Of course I’m talking about Jingle All The Way.
In case you’ve forgotten, Jingle All The Way is the “classic” Christmas comedy in which Arnold Schwarzenegger runs all over the Twin Cities attempting to secure a “Turbo Man” doll for his loving son. Along the way, he tangles with the likes of Robert Conrad, Martin Mull, Phil Hartman, and the aforementioned Sinbad as another desperate father in search of “Turbo Man.” American absolutely rejected this mad-cap holiday caper, and for years the film’s title was synonymous with “painful, unfunny entity that will fail to improve finances or mental well-being.”
Let us now run through some of the misery and pain that has befallen Jingle All The Way’s principles in what I like to call “The Curse of Turbo Man.”
Jingle was probably the biggest dud of Arnold Schwarzenegger’s latter-day acting career (until the following year, when he played Mr. Freeze in the cataclysmically awful Batman & Robin). The Austrian Superman only appeared in a handful of other movies before retiring from Hollywood to pursue a career in politics. Clinching the governorship of California, at first Arnie proved to be rather effective and popular. By 2005, however, “The Governator’s” approval ratings began to plummet as he wandered from one political gaffe to another. Rumors of the Schwarz’s return to acting have generally been met with the stink eye.
Sinbad hasn’t appeared in anything as high-profile as Jingle All The Way since the film’s release. In 2007, a rumor swept the Internet that the portly comedian had died of a heart attack. Surprisingly, this did little to help his flagging popularity. Sinbad filed for Chapter 7 bankruptcy in 2009; a short time later, he put his million dollar home up to alleviate his tax burdens.
On May 28, 1998, famed “Saturday Night Live” impressionist Phil Hartman was murdered by his drug-addled wife Brynn in the couple’s Los Angeles home before she turned the gun on herself. Jingle All The Way would prove to be the actor’s penultimate film.
Being married to Tom Hanks, I suppose Rita Wilson doesn’t need to do all that much to survive. However, for the purposes of this curse it should be noted the largest roles she’s secured since JATW include Caroline in Gus Van Sant’s wretched Psycho remake and Jenna in Old Dogs. Woof.
Jake Lloyd traded up career-killers by moving from Jingle All The Way to Star Wars Episode I: The Phantom Menace. As young Anakin Skywalker, Lloyd turned in such a miserable, grating performance it made every other horrible actor in that film seem tolerable. Trouble on the set of 2001’s Madison branded Jake “difficult” to work with. That’s not exactly a reputation you want before high school (especially if you’ve only worked with Arnold Schwarzenegger and Jar Jar Binks). Jake Lloyd is currently attending college and probably hoping he won’t die before he gets a chance to redeem himself onscreen.

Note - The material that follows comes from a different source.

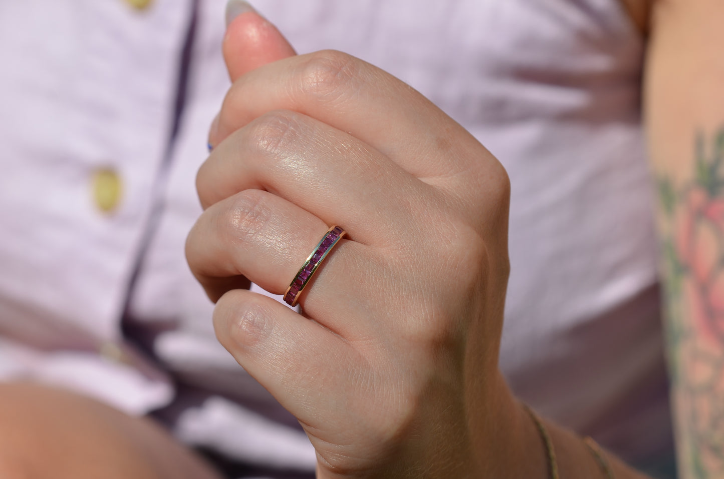 The little black dress of jewelry? More like the perfect pair of jeans - easy-wearing, low maintenance, perfectly broken in and goes with everything. A channel-set eternity band is a staple in any collection. Warm pinkish rubies give presence on the hand, while secure channel settings mean you can stack with anything without worrying about those little sparklers. Low-rise and durable, there's a reason channel-set rings have been beloved as wedding bands in the 1920s, 1950s, and especially the 1980s (hi, mum!). We love them as wedding bands today, or just as much as a solo staple or ring stack mainstay.

Robert Conrad was involved in a serious car accident in 2003 when he slammed head-on into a Subaru being driven by a 26 year old. Conrad was convicted of drunk driving, was sentenced to six months house arrest, and lost his license. The other driver would eventually die from their injuries.
In March of 2001, 20th Century Fox was ordered to pay high school biology teacher Brian Webster $19 million after it was determined the studio plagiarized Jingle All The Way from Could This Be Christmas?, a script Webster wrote and submitted to 20th Century in 1994 (the decision was reversed on appeal after it was determined Jingle’s script existed prior to CTBC?).

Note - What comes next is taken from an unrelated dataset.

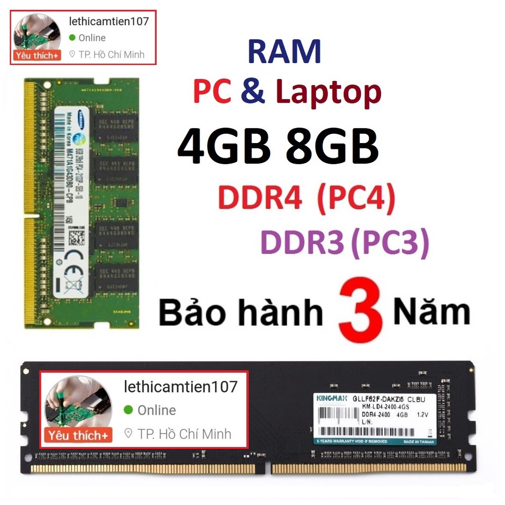 Ram PC máy bàn và laptop hàng tồn kho như mới. Bảo hành 36 tháng 1 đổi 1.

Seems like the only person to totally buck the Jingle curse was Brian Setzer, who contributed four or five songs to Arnold’s holiday misadventure. Brian and his rag-tag orchestra saw their popularity skyrocket during the late ’90s swing revival; nowadays, he mades good bank every December recording and releasing the few holiday hits he hasn’t already 1950’d up.
If you can think of any more examples of the Jingle curse, please, hit me up. Let’s malign this movie into the ground.